Leukemia Research Paper

Leukemia is cancer in blood-forming tissues, such as bone marrow, that causes the body to be less effective at fighting infection. There are many types of leukemia; these include, but are not limited to, acute myeloid leukemia, hairy cell leukemia, and acute lymphoblastic leukemia (Leukemia and Lymphoma Society). This is an interesting field of study due to its somewhat rarity in relation to other forms of cancer.

One study performed regarding acute myeloid leukemia (AML) had the purpose of developing small molecules to target CKIα as well as the transcriptional kinases CDK7 and CDK9. CKIα removal activates p53 which is a tumor suppression protein. P53 is often deemed “the guardian of the genome” due to its major role in preventing mutation (Bioinformatics). By targeting CDK7 and CDK9, the CKIα-induced p53 activation increases and thus encourages anti-leukemic activity. The elimination of the cyclin-dependent kinase is crucial due to their role in ultimately altering the cell cycle and causing abnormal cell growth and thus tumors (Graf, 2011). The study was conducted by first developing small molecule inhibitors to be taken by mouth that hinder CKIα and CDK7/9 activity. The inhibitors effectively kill AML origins and cure the mice that the study was conducted on.
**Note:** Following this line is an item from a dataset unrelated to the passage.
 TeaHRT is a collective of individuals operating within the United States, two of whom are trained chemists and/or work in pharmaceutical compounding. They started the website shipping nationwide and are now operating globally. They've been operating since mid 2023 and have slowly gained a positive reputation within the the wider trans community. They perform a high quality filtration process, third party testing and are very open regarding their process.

The scientists are then able to conclude that p53 activation is the cause of the leukemia cell apoptosis, or cell death (Minzel, 2018).
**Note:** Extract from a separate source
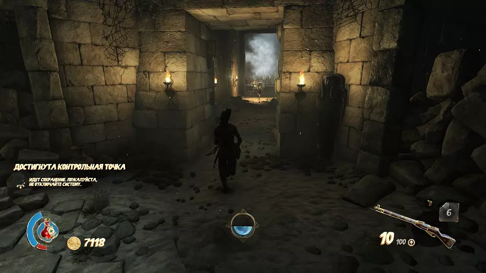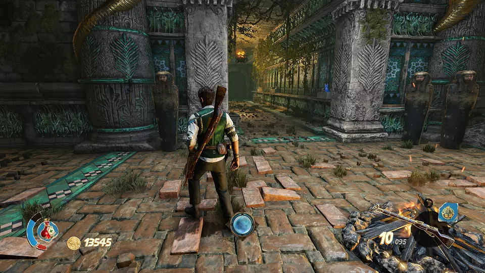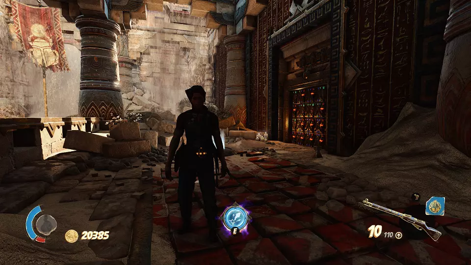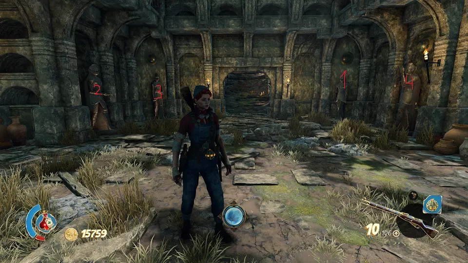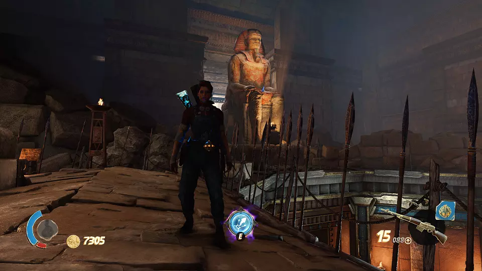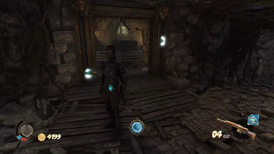 遗物(6/6) 在有许多木乃伊的房间里,你需要站在几块面板上并射击开关。最终会打开通往遗物的门。

The scientists present many results from their studies. One of their results suggests that the inhibitors A51 and A86 show the most promise in hindering CDK7 and CDK9 activity. This is shown by their strong binding affinity and their negative effect on phosphorylation of Ser5 on RNA Polymerase II. These inhibitors hinder transcription and decrease proliferation, thus suggesting that it will kill leukemia cells. Overall, the scientists present data that is to be expected. They prove that when the drugs are administered to affected mice, p53 activation causes leukemia cell apoptosis (Minzel, 2018).

The results of this study coincide with the article’s summary and the scientist’s goals. They were able to eradicate leukemia in both AML mouse and human xenograft models. I think that these drugs cure AML because when applied, it gave satisfactory results. I think that this drug would be effective on killing leukemia in humans because it specifically targets leukemia tissue cells and does not affect other areas such as the heart and lungs. They also conducted tests on human samples and it gave the same successful results, so I think that it could be expanded to humans with AML. This research heavily relates to what was taught this semester. It deals with how certain proteins function in cell cycle progression. It focuses on the topic of cyclin-dependent kinases and their role in regulating multiple cell processes and how it relates to leukemia proliferation.

 

References

Acute myeloid leukemia. Leukemia and Lymphoma Society.

Graf, F., Wuest, F., and Pietzsch, J. (2011). Cyclin-Dependent Kinases (Cdk) as targets for                       cancer therapy and imaging. In Advances in cancer therapy (InTech).

Minzel, W,. Venkatachalam, A., Fink, A., Pilarsky, E., Snir-Alkalay, I., Ben-Neriah, Y. Small                  molecules co-targeting ckiα and the transcriptional kinases cdk7/9 control aml in                           preclinical models. Cell Press (2018).

Primary information of p53 gene. Bioinformatics.